(1991) Al Diar Regency Hotel

client : Ali Said Al Badi
typology : Hospitality
services : Architecture
where : Abu Dhabi, United Arab Emirates

Retrospective 1991-2000 video: https://www.instagram.com/p/CPyTSojDdNX/

While under construction as a residential building, this project was converted into a 167 room hotel. Despite the difficulties imposed by the existing structural limitations, the adjustments were successful in achieving a boutique hotel with all the necessary requirements. The design challenge was to adapt the structure and the main volume of the building to the new hotel functions.

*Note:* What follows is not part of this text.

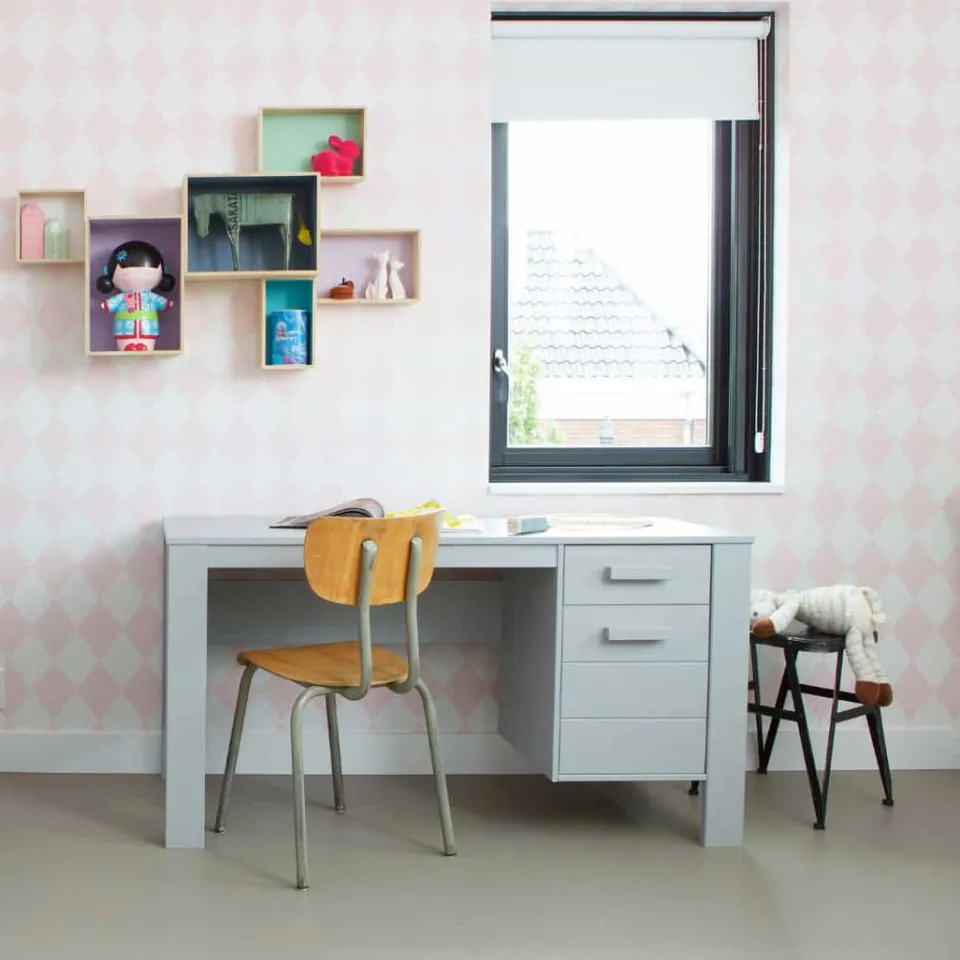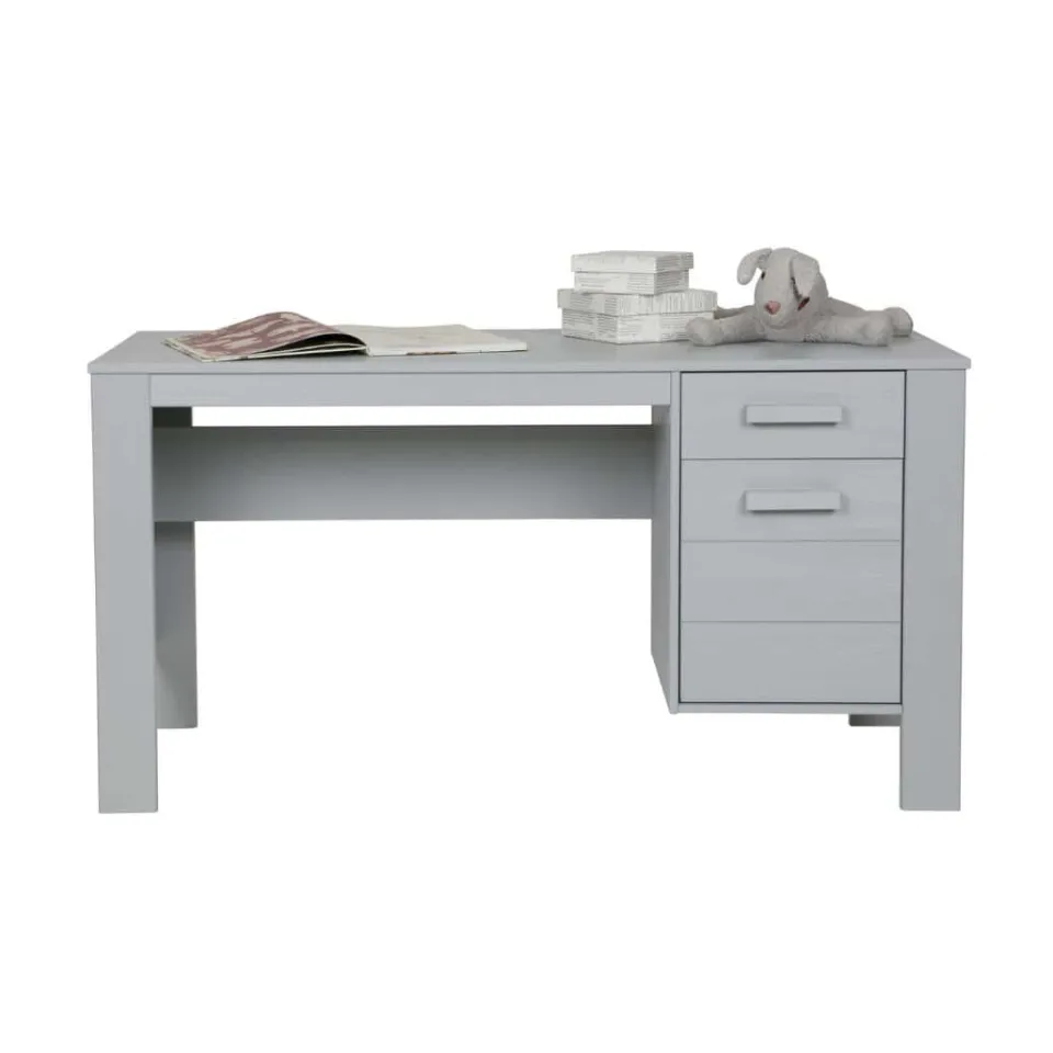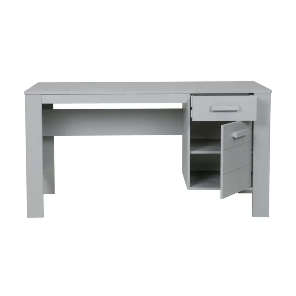 Stoer bureau met ingebouwde lade en kastje gespoten in de kleur betongrijs en donkergrijs. Het bureau is gemaakt van grenen en heeft een geborstelde afwerking.

This 9400 sqm hotel faces the Sheraton beach Resort and overlooks the views of the sea and the newly developed island. The entrance is located on the side street, and leads directly to a reception area that overlooks a lounge room and links to all the other facilities in the hotel. Rooms and suites are distributed between the third and the 14th floor. The first and second floors accommodate offices and the health club. The 15th floor is a large panoramic restaurant overlooking the splendid views of the beaches and the new island across from Abu Dhabi.

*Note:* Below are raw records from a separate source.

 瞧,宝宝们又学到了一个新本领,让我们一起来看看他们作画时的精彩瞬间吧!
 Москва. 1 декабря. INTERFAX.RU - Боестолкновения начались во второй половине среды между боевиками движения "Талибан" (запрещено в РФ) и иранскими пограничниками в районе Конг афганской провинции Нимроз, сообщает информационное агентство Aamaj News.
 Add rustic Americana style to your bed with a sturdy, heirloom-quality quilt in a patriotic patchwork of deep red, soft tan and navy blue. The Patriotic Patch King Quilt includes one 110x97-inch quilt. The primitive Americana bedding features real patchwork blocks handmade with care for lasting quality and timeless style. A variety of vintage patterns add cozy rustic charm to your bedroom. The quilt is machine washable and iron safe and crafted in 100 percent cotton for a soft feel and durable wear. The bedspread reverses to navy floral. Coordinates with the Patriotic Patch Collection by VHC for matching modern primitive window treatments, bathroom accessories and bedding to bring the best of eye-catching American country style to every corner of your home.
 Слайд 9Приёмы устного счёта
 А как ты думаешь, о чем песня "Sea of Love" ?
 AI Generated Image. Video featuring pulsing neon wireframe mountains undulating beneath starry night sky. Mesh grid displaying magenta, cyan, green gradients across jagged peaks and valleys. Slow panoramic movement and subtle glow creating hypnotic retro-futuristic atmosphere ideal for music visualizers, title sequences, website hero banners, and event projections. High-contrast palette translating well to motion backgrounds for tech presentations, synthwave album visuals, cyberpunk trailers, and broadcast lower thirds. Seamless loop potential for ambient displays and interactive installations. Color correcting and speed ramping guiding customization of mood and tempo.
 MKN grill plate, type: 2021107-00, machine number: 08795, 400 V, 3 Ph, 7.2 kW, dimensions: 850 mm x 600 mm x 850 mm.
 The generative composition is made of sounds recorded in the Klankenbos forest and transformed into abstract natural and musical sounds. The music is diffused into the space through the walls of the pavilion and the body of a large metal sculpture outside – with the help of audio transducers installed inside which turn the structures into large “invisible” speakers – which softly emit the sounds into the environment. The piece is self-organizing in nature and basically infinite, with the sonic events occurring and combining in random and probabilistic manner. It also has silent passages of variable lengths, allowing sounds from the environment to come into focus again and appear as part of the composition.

The building volume is very exclusive to Cassia’s style in sculpting and shaping structures. It is very unique though as it displays repetitive sharp edges similar to wild desert plants. Site limitations are still visible through the tall architectural elements that define the building initial limits and also frame the protruded volumes on the main façade. On all corners, spike-like balconies cantilever as free standing platforms. They are distributed on specific floors to a structure that seems similar to an organic growth of a plant. All other façades have small balconies of only about 40 cm wide, just enough for the rooms to have an outdoor lookout if ever needed.

The building envelope is all white ceramic cladding. It is easy to clean, low maintenance and long lasting. Glass balustrades are used throughout all balconies to allow transparency for all the room. The building stands with a sense of vertical and tall movement. This is reinforced by the clear and uninterrupted vertical lines as well as the repetition of the spike like balconies in a vertical sense.